Usually I’ll do my outdoor rides on Saturday but I live in a generally hilly area, so how should I do base training on such terrains? During climbs, I find it difficult to avoid raising my heart rate.
I don’t have a PM yet, all I have is a cadence and HRM.
Also, by lower volume means less intensity but same duration or same distance? Generally I ride 80km on Saturday
And since we’re on the topic, I’ve read that it’s important to stick to the plan and during phases like base, to not exert yourself. But since I’ll only have one outdoor and long ride for the week, do I have to stick to this “advice” as well? Especially since it’ll be a rest day on Sunday.
Keep your normal Saturday ride. I think you’ll adjust automatically anyway - during base, you’ll feel yourself go more steady, and when your top-end fitness increases, you’ll feel more like attacking each climb. In my opinion, it’s good to have a normal outdoors ride in addition to the indoor trainer rides, because you work on a lot of other things like bike control, dealing with rough roads etc, that you can’t do indoors.

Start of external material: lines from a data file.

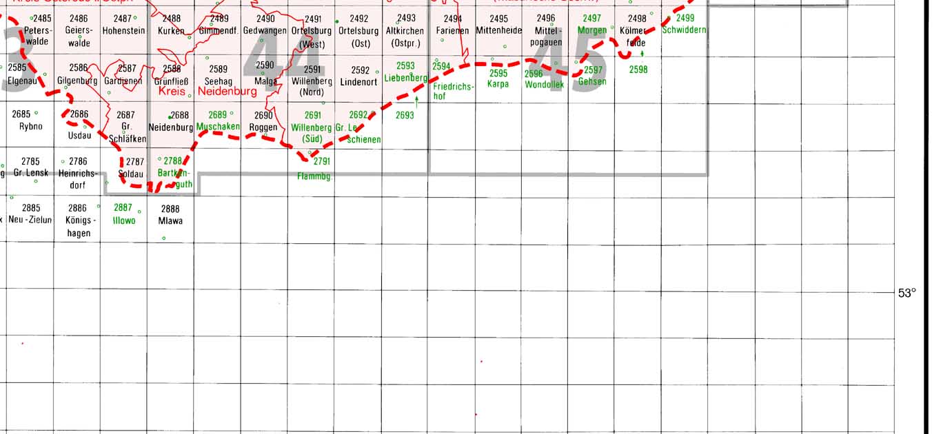 historische topografische Karten der deutschen Ostgebiete Meßtischblatt-Übersicht 9
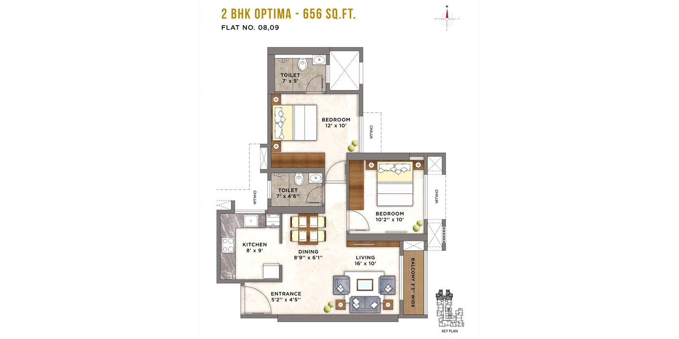 About 2 BHK 656 Sq. Ft. Ashar Axis
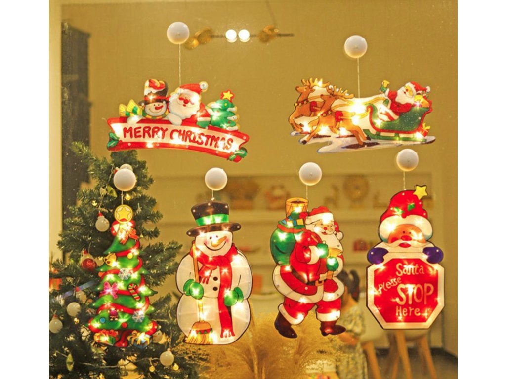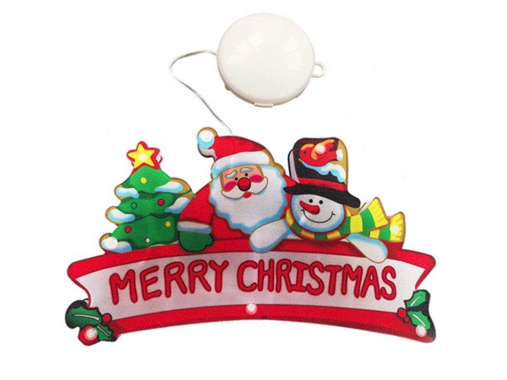 Vánoční LED závěsná dekorace do okna - Merry Christmas (Santa a sněhulák)
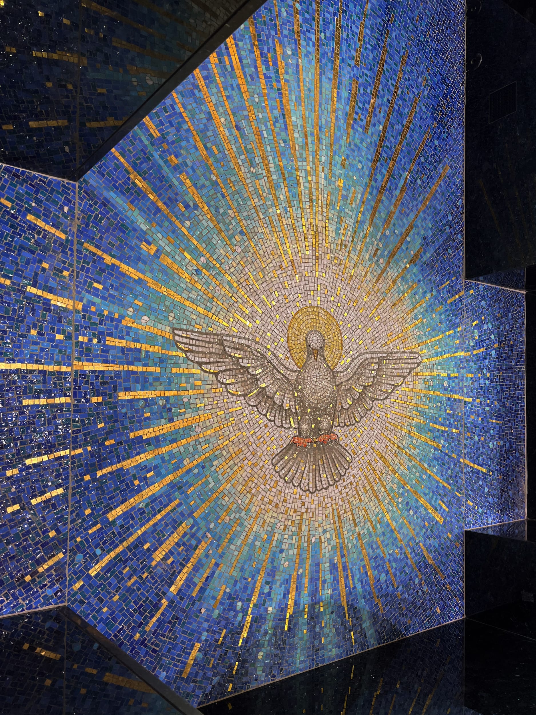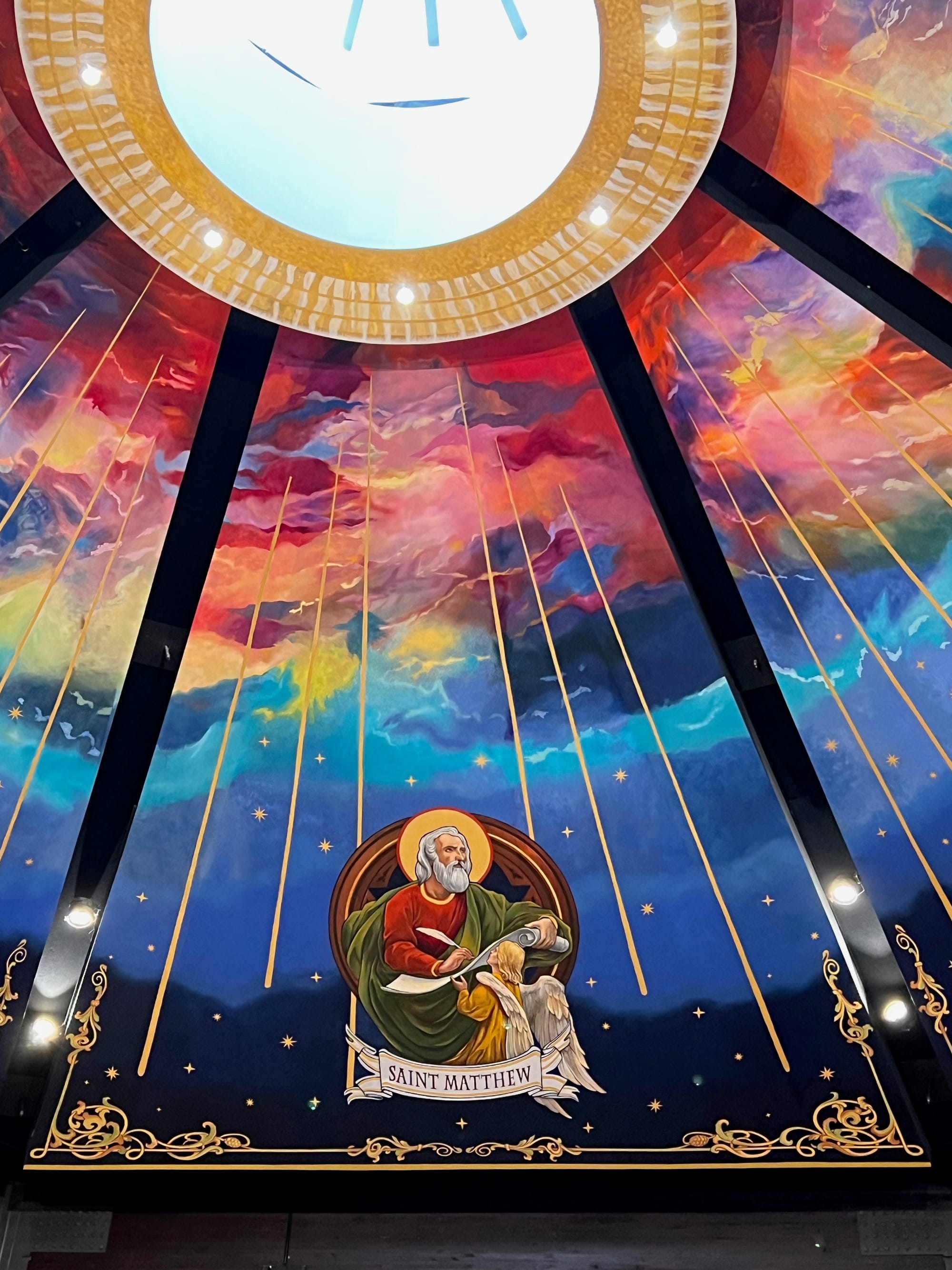 The figures and their surrounding cosmos, which includes imagery taken from the observations of the Hubble telescope, were painted by a team of liturgical artists supervised by Rolf Rohn of Philadelphia’s Rohn and Associates.
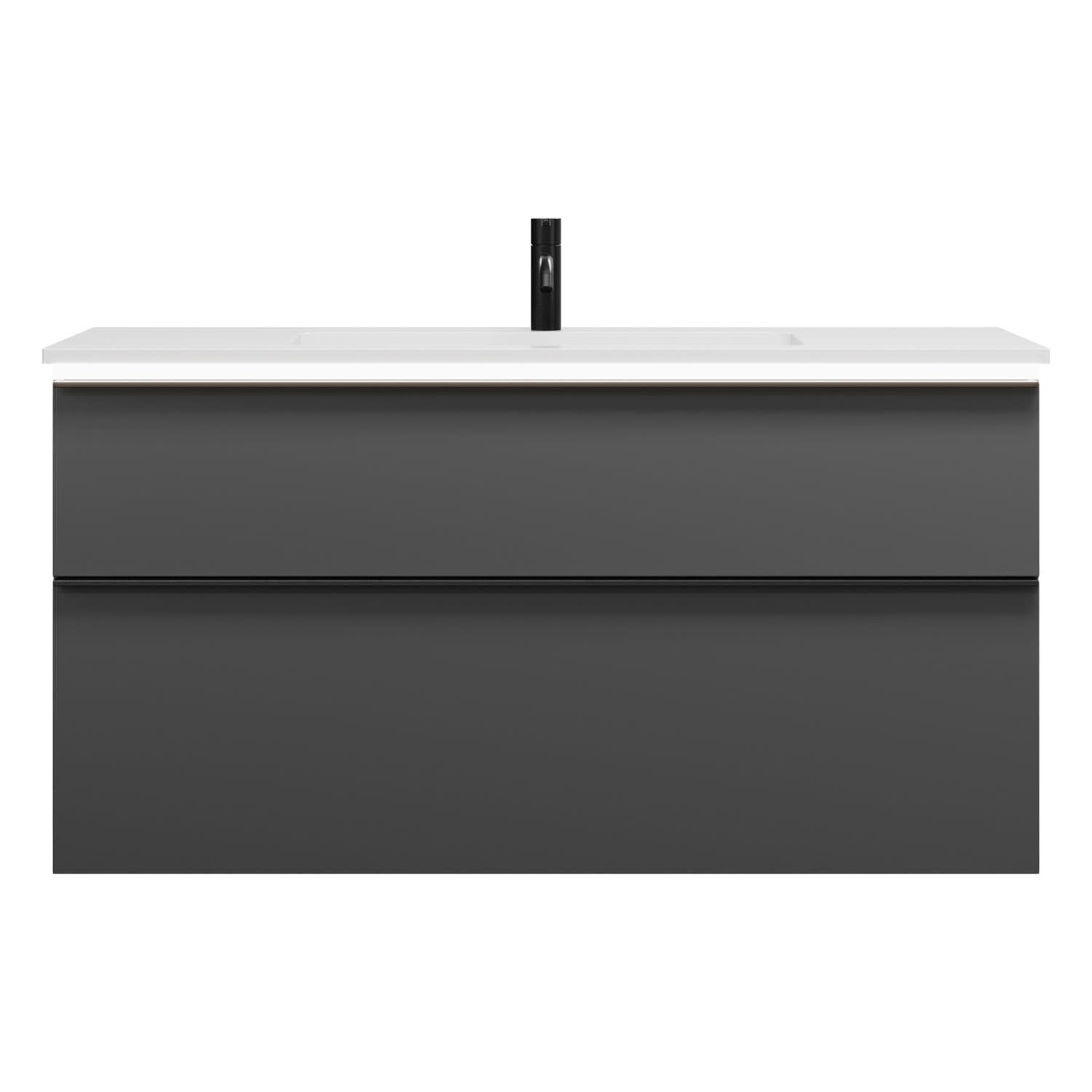 - 1 Schublade oben, 35 cm tief, mit Siphonausschnitt und Inneneinteilung

The lower volume plans in TR have relatively more intensity - more of the training time is spend with ‘intense’ work. In the mid volume plan, each session gets a little longer, but if you look at the workout graphs, most of that is in form of an ‘endurance’ block at the end of the workout. The two extra days (compared to the low volume plan) have one day just endurance, and one day of more intensity (a sweetspot workout usually).

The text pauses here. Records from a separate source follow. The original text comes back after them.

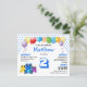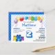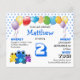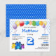 Invitation à la fête d'anniversaire d'un mignon garçon bleu budget, montrant un trio de grenouilles aux yeux larges vibrants et une gamme de ballons colorés. Sur le devant, vous pouvez customiser le nom et l'âge de l'enfant, ainsi que la date, les détails rsvp et le lieu. L'arrière - plan comprend un motif moderne carrelé en bleu, qui est lié à l'âge principal, et ce motif est répété à l'envers. Tout ce que vous devez faire est de changer le numéro une fois, et il va automatiquement changer le motif. (Il s'agit d'invitations budgétaires de bonne qualité, alors n'oubliez pas d'ajouter des enveloppes et/ou de transférer la conception au stock de carte si vous préférez.) Cette invitation serait idéale pour tous les enfants qui aiment les grenouilles et les ballons colorés et aux yeux larges. D'autres variantes sur ce thème sont disponibles.
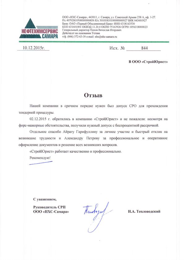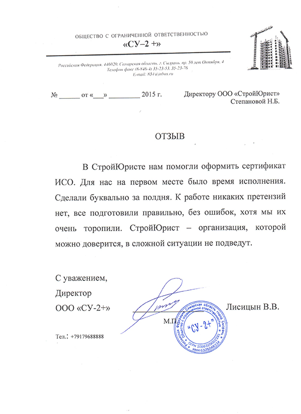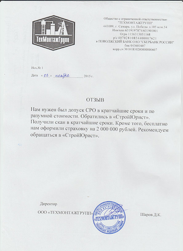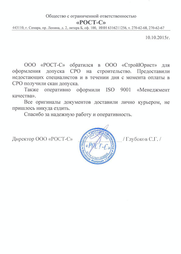 Отзывы клиентов "СтройЮрист" по вступлению в СРО в Севастополе
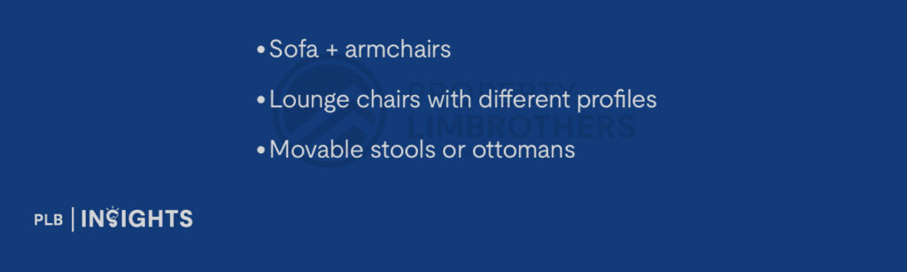 Different seating types also add softness and texture — think cane, upholstered lounges, timber accents — making the space feel curated and lived-in, not staged.

So if you think of your Saturday ride as an endurance ride (with some intensity sprinkles in when you are climbing), you’ll pretty much get the same amount of training with the low volume plan + Saturday ride, as with the mid volume plan and no additional rides.

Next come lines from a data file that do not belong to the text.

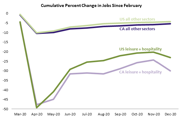 The figure below shows how employment has evolved in both the state and the nation since the start of the pandemic. Overall employment in the state as of the middle of December was 8.3 percent below the level of February, somewhat worse than the national figure of 6.4 percent. Nearly half the gap is attributable to the leisure and hospitality sector which includes restaurants, bars, and hotels. This sector took a sharp tumble between early November and early December as the pandemic worsened, and the effect was especially acute in California. Aggregate employment in other sectors rose in December, and California closed some of the gap with the rest of the nation.
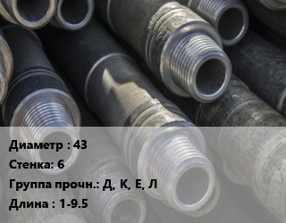 Труба бурильная 43 s=6 Д, К, Е, Л L=1-9.5
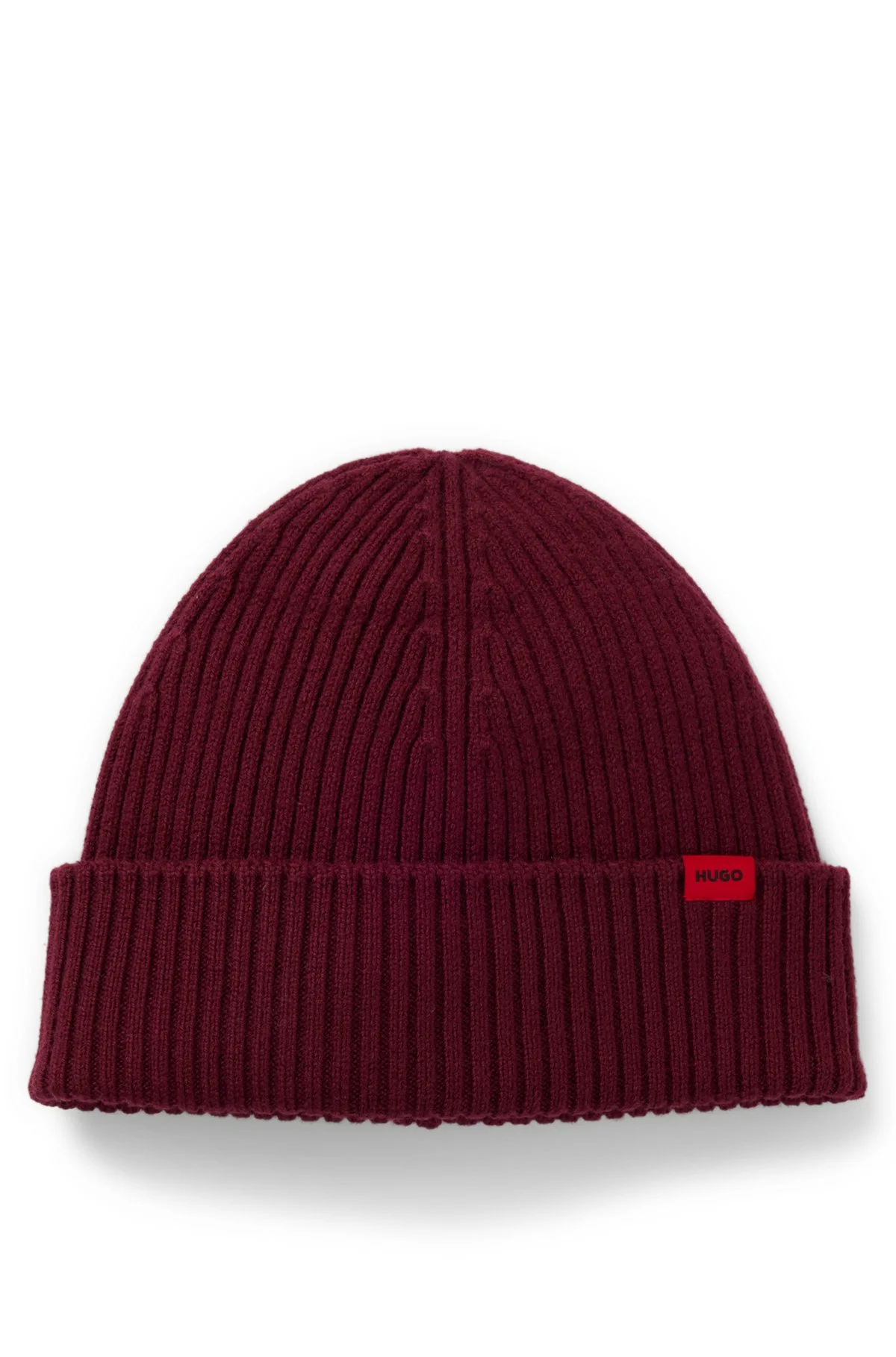 RED-LOGO BEANIE HAT IN VIRGIN WOOL

Oh, and you can totally swap the days around - there is a ‘Saturday’ ride in the plan, but you can easily move that to Sunday or whenever you have time. When you select the plan on TR to add to your calendar, it’ll ask you on which days you want to do the workouts. And later you can just drop-and-drag them on the calendar.
To me ‘stick to the plan’ just means not to skip workouts, but also not to keep adding more because you’re impatient. Training takes time, at least 6 weeks until you see an effect. During the first two weeks, it generally feels easy, motivation is high, and its easy to just do too much extra and then you can’t complete the next week because you’re too tired. So ‘stick to the plan’, but that plan can easily include your normal Saturday ride.
I think the consistent feedback to your question is that it is easy to scale up the volume, and that’s whether it is using the +1, +2, etc. option, finding an alternative workout in the workout library that is similar, or, via using WorkoutCreator to make your own modifications.
I think the biggest thing that people underestimate when selecting a plan is the additional volume/impact from doing [IMO] extremely important long endurance rides in addition to the plan itself.
FWIW: When I joined TR a year ago, my training volume was (and still is) greater than the HV plan. However, I chose the MV plan and scaled most of the workouts in addition to long endurance rides I do. It remains a better choice than HV for me.
It’s an approach where 80% of your training time should be low intensity and 20% should at high intensity. It avoids the middle tempo zone. It uses a 7 zone model.
I read Matt Fitzgerald 80/20 Triathlon plan book and this prompted my change.
There seems to be a view that you need to be training for more than 6 hours per week for 80/20 to start to be effective for cycling. It’s much lower for running.
Fuh, thanks for this info a lot! I kept getting advice online about during base not to ride fast (only keeping Z1 and Z2) cause it’ll ruin the base training period and as I’m living at hilly areas, that’s not really possible and thought I’ll need to spend 6 weeks only indoors when it’s not even winter.
I guess I could ride at Z1-Z2 on flats, taking it easy and only go for Z3 or maybe Z4 when going up the hills? (I don’t have PM, so the zones here is based on heart rate)
And
I guess the general reasoning of not pushing yourself on the weekend as most people ended up pushing too hard and then not recovered for the next focused training session?
Interesting, so if I were to go for the Low Volume plan, and let say I can’t ride outdoors on that weekend, I can still choose a TrainerRoad endurance-based workout, am I correct?
I’m actually guilty on this, on my previous structured training program, it felt easy the couple of days that I decided to up the workout sessions, only to have fatigue creep in the following weeks and having to reduce the workouts.
Regarding long endurance rides, long as in the distance or time? As for example, you can ride 80km for 2.30 hours vs 80km for 3.15 hours vs 50km for 2.30 hours?
If this includes my weekend outdoor rides, I should be able to hit 6-7 hours a week.
And thanks for the link! I’ll take a look at it!
Oh and why is riding at Tempo bad? or it’s bad only for training purposes? As I watch cycling races, and I see when Sky/Ineos grinding up the hill, aren’t they riding at tempo? Causing punchy riders not being able to do a punchy attack that makes a difference?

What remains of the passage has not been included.